University of Michigan Engineers Aim to Improve Factory Fault Detection

Varsha Venkatesh, a robotics and autonomous vehicles mechanical engineering graduate student, learns how to program and use an industrial manipulator robot arm. (Image courtesy of Joseph Xu, Michigan Engineering.)

Modern manufacturing plants are comprised of hundreds of advanced components, both hardware and software, including robots, conveyor belts, sensors, control systems and communication networks. All these components work together in an intricately choreographed performance that results in the smooth and efficient operation of a factory.

But what happens when something goes wrong?

Machine or software failures, operator mistakes and cyberattacks can cause serious delays, or even halt production altogether. This leads to unscheduled factory downtime – which can be expensive – or to potentially dangerous situations that could result in injury or damage to plant personnel and machinery.

A group of engineering researchers from the University of Michigan have made it their goal to address these glitches.
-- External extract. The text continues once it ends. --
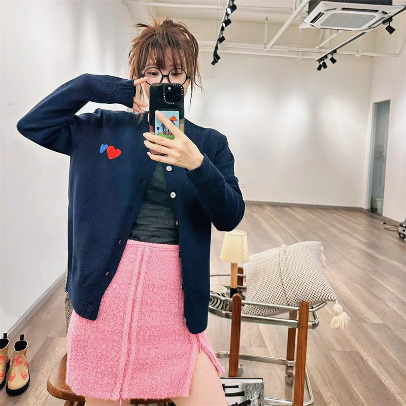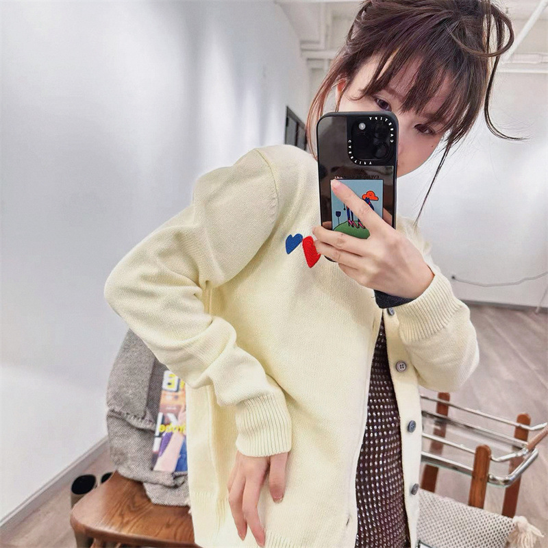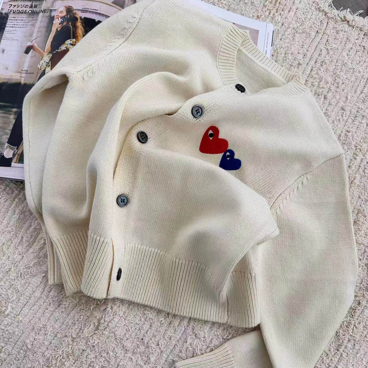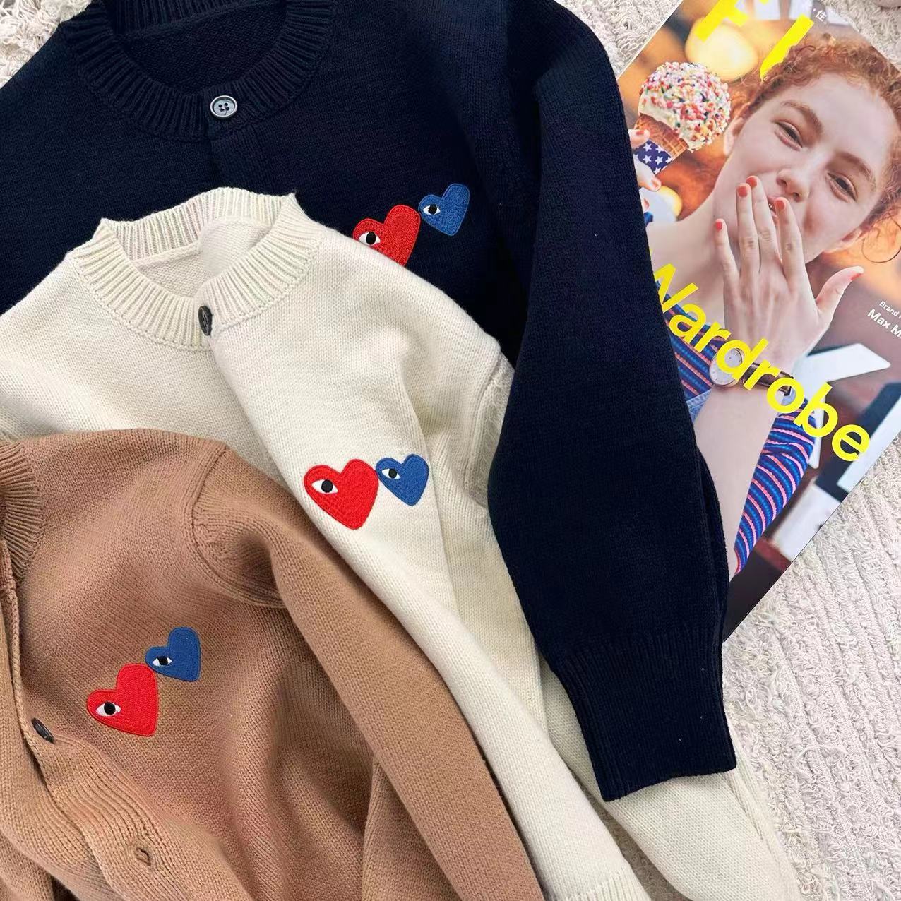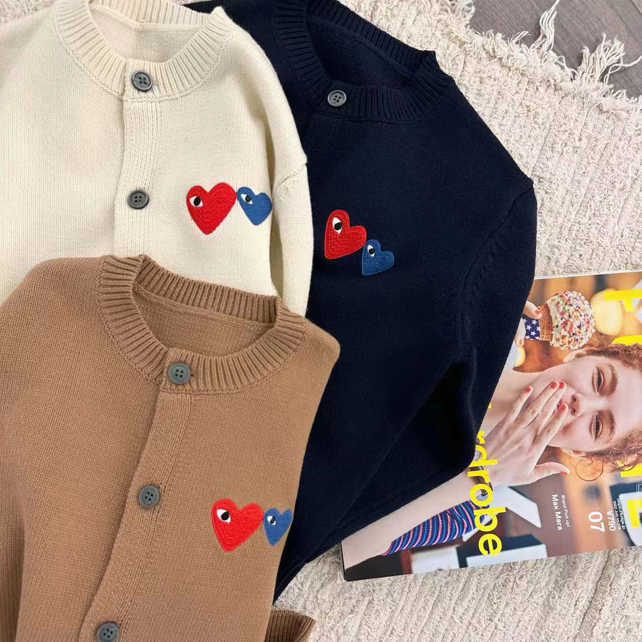 2024 봄 어린이 단색 수 놓은 니트 카디건 소년과 소녀 부모-자식 사랑 긴팔 멀티 컬러 스웨터스토어 가기

This will be done by detecting these glitches – in real time – and quickly and efficiently reconfiguring factory operations around them.

The aim of the engineering professors and students involved in the project is to develop a new methodology for controlling manufacturing systems in order to increase a factory’s productivity, and therefore its competitiveness.

They call their methodology “software-defined control.”

Central to this new approach will be a continuous, real-time simulation of an entire manufacturing plant. The team will produce this simulation, and develop software that compares a plant’s actual operation to what they should expect based on the simulation.

“The idea is you have the physical manufacturing plant and the simulated model of the plant, so if there's a difference between the two, you can detect a fault or a cyber-intrusion," said Dawn Tilbury, a professor of mechanical engineering at the U-M College of Engineering and the project’s principal investigator. "The goal is to develop control systems for manufacturing systems that are secure and reconfigurable automatically."

This system could then be used to reprogram the way parts flow through the plant, to avoid a faulty piece of equipment. This is especially valuable to factories that are seeing a rise in automation, which necessitates finding better ways to keep tabs on plant operations.

"Automation may increase efficiency and raise quality, but it brings with it vulnerabilities," Tilbury added.

Factory robots are increasingly networked, and the companies that produce these machines can often log in remotely to make repairs. While this access is legitimate and necessary, it can also be an exploitable weakness in a factory system’s cybersecurity. And as manufacturing systems become more digitally connected and complex, they will become increasingly susceptible to this type of disruption.

"Our work aims to develop the science and enabling technologies to transform manufacturing systems from the current paradigm of low efficiency and high susceptibility to system disruptions to a new era of system-level anomaly detection, classification and action," said Kira Barton, U-M assistant professor of mechanical engineering. "This will lead to less downtime, faster responses to disruptions and a more efficient manufacturing system."

The initial research project will focus on discrete parts manufacturing, but the research team believes that their software-defined control method will translate well to other manufacturing, such as for semiconductors or batch processes.